本発明の実施の形態によるカスケードポンプは、宇宙機の冷却システムのポンプとして用いることができる。また、人工透析器や人工心臓等の医療機器の輸液ポンプとして用いることができる。また、コンピュータ等の発熱の大きい電子機器の冷却装置等のポンプとして使用することもできる。その他、流体を送る様々な技術に適用することができる。流体は、液体アンモニアだけでなく、アルコール系冷媒、化学薬品、水等のさまざまな流体を使用することができる。

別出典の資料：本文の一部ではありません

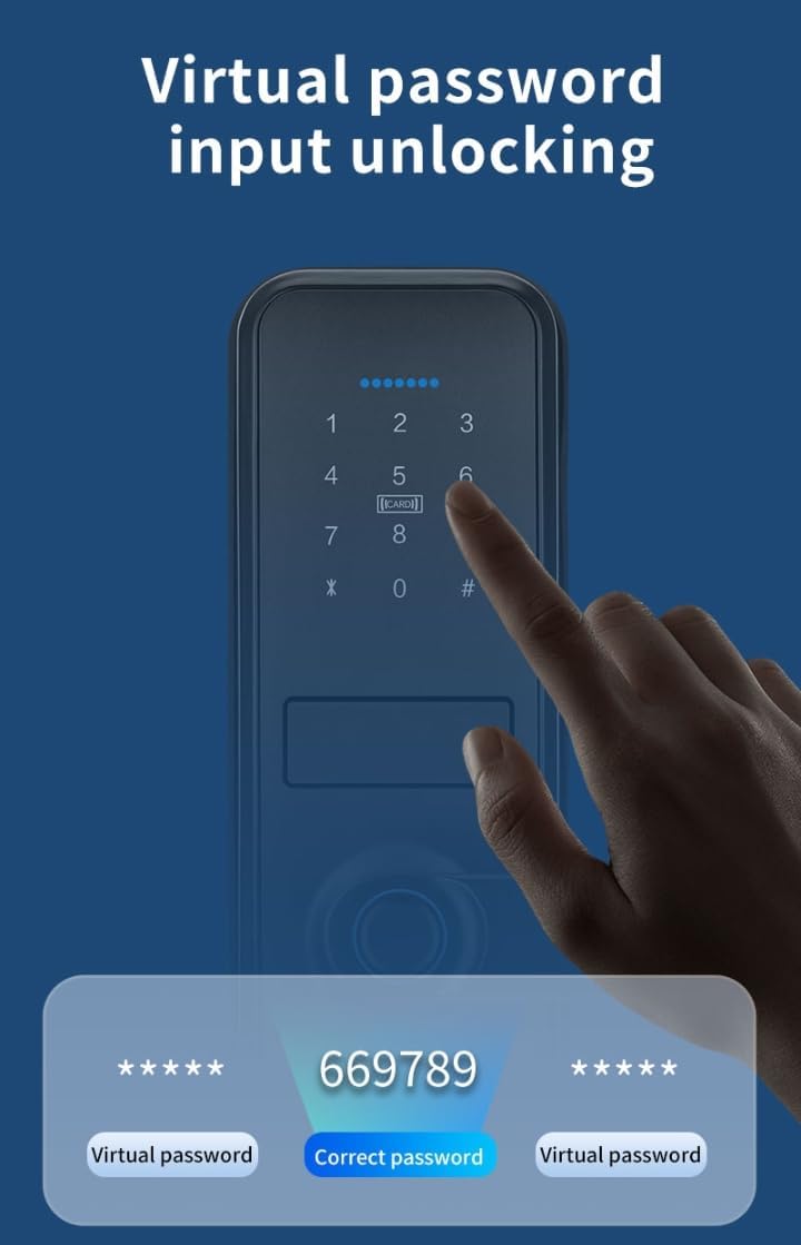 - Manipulationssicherer Schutz: Durch die Virtual Password Funktion gibst du korrekte Ziffernfolgen inmitten beliebiger Zahlen ein, um neugierige Blicke beim Tippen ins Leere laufen zu lassen.

本発明の実施の形態によるカスケードポンプの概略断面図。 図1のカスケードポンプの上面図。 図1のカスケードポンプの上蓋を外した状態の上面図。 図1のカスケードポンプの分解斜視図。 上蓋の上面図。 上蓋の6−6線に沿った断面図。 上蓋の下面図。 フレームの上面図。 フレームの9−9線に沿った断面図。 フレームの下面図。 ステータと下蓋を組合わせた状態の上面図。 図11の12−12線に沿った断面図。 インペラの平面図。 図13の14−14線に沿った断面図。 インペラの下面図。
符号の説明
10 ケーシング
11 上蓋
12 凹部
13 吸入ポート
14 吐出ポート
15 通孔
16 ボルト
17 吸入用パイプ
18 吐出用パイプ
19 溝部
29 Oリング
30 インペラ
31 インペラ基板
32 ベアリング部
33 ブレード
34 磁石
34a ヨーク
40 フレーム
41 固定シャフト
42 インペラ室
43 環状溝
44 中央部下面
45 段部
46 ステータ室
47 区画壁
48 ネジ孔
49 溝部
50 ステータ
52 配線部
53 ステータコイル
54 リード線
55 下蓋
56 通孔

Claims (6)

  1. 流体の吸入ポートと吐出ポートと、これらのポートに連通するインペラ室を有し、中央部に円柱形の固定シャフトが形成された平板型ケーシング、
    前記ケーシングの前記インペラ室に前記固定シャフトの周りに回転自在に配置され、外周部に流体を送るための複数のブレードを有し、一方の面に沿って円板状の磁石を有する円板状のインペラ、及び
    前記ケーシングの一方の面に沿って配置され、前記インペラに回転力を与えるため、前記インペラの回転軸と垂直方向の面に沿って薄板状に巻回された複数のステータコイルを有する円板状のステータ、を備え、
    前記吸入ポートから流体を吸入し、前記吐出ポートから流体を吐出することを特徴とする小型平板型カスケードポンプ。
  2. 前記ケーシングは、
    前記吸入ポートと前記吐出ポートとを有する上蓋と、
    前記上蓋に密着して配置され、一方の面に前記インペラを回転自在に収容するため凹状の前記インペラ室が形成され、前記インペラ室の中央部に前記インペラの回転軸を軸とする前記固定シャフトが形成され、前記インペラ室と反対側の面に前記ステータを収容するステータ室が形成されたフレームとを備える請求項1に記載のカスケードポンプ。
  3. 前記固定シャフトの先端部は、前記上蓋に形成された凹部と勘合する請求項2に記載のカスケードポンプ。
  4. 前記ステータ室は、前記ステータの個々のステータコイルを個別に収容するように区画壁により区分されている請求項1乃至3の何れか1項に記載のカスケードポンプ。
  5. 前記ステータが取付けられた円板状の下蓋を有しており、前記ステータ室の中央部には突状の中央部下面が形成されており、前記中央部下面が前記下蓋の中央部に当接し、これによって前記フレームの変位を規制していることを特徴とする請求項1乃至4の何れか1項に記載のカスケードポンプ。
  6. 前記インペラのインペラ基板の少なくとも前記固定シャフトに接触する部分は、アモルファスカーボンで出来ている請求項1乃至5の何れか1項に記載のカスケードポンプ。